● **Data records**
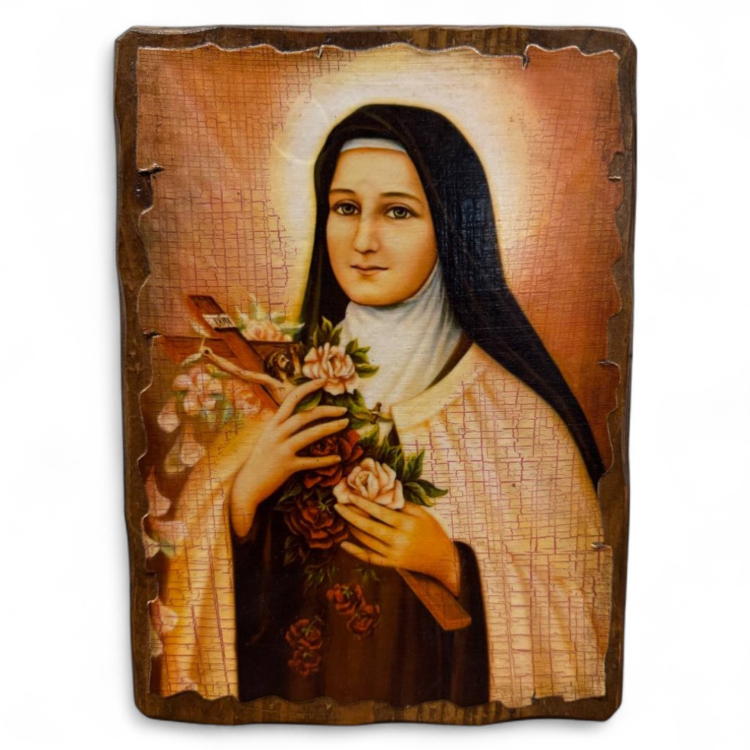 Ікона Святої Терези від Дитятка Ісуса зображає одну з найулюбленіших святих католицької Церкви — покровительку місій, душ у скруті та всіх, хто прагне духовної простоти. У руках вона тримає троянди — символ її «малого шляху» довіри, любові та жертовності.
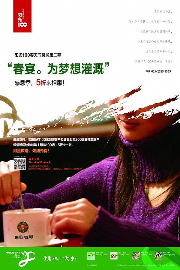 ??阳光100春天节春天大惠正式启动!为感谢老客户多年的支持以及新客户的厚爱,3月,阳光100联合迪欧咖啡推出“迪欧咖啡五折卡倾情放送”活动:3月起,前100名老带新客户与前200名新成交客户都将享赠迪欧咖啡阳光100店五折卡一张,数量有限,先到先得。详情咨询400-606-6969转62519
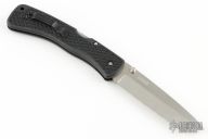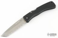 This Voyager by Cold Steel features a satin finished fully serrated tanto blade with dual thumbstuds. The handle has a black FRN frame with tip up clip and lanyard hole. Japan Made. Comes with original box. Excellent condition.
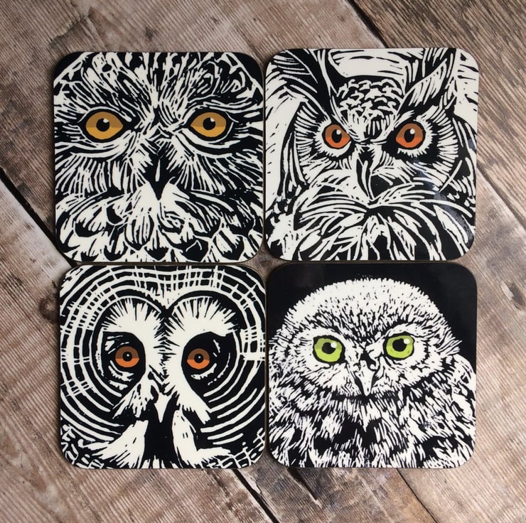 A set of four different owl coasters, to keep an eye on the drinks (and your tabletops!) Each coaster depicts a different owl: Great Grey Owl, Snowy Owl, Eagle Owl and a juvenile Little Owl. They are made from recycled hardboard with a glossy, wipeable surface and measure 9cm square. They will be tied with rustic string and presented in a clear cello pocket, a perfect gift for any bird lover. Sent winging their way to you in first class post within five days!
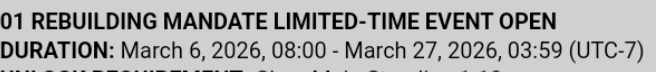 24 февраля начался реран ивента Ending a Grand Overture в котором можно получить бесплатного оператора Catherine, а также другие награды.

● **Try it**
The records above are to be duplicated exactly, pictures left out.

● **Solved problem**
 Ікона Святої Терези від Дитятка Ісуса зображає одну з найулюбленіших святих католицької Церкви — покровительку місій, душ у скруті та всіх, хто прагне духовної простоти. У руках вона тримає троянди — символ її «малого шляху» довіри, любові та жертовності.
 ??阳光100春天节春天大惠正式启动!为感谢老客户多年的支持以及新客户的厚爱,3月,阳光100联合迪欧咖啡推出“迪欧咖啡五折卡倾情放送”活动:3月起,前100名老带新客户与前200名新成交客户都将享赠迪欧咖啡阳光100店五折卡一张,数量有限,先到先得。详情咨询400-606-6969转62519
 This Voyager by Cold Steel features a satin finished fully serrated tanto blade with dual thumbstuds. The handle has a black FRN frame with tip up clip and lanyard hole. Japan Made. Comes with original box. Excellent condition.
 A set of four different owl coasters, to keep an eye on the drinks (and your tabletops!) Each coaster depicts a different owl: Great Grey Owl, Snowy Owl, Eagle Owl and a juvenile Little Owl. They are made from recycled hardboard with a glossy, wipeable surface and measure 9cm square. They will be tied with rustic string and presented in a clear cello pocket, a perfect gift for any bird lover. Sent winging their way to you in first class post within five days!
 24 февраля начался реран ивента Ending a Grand Overture в котором можно получить бесплатного оператора Catherine, а также другие награды.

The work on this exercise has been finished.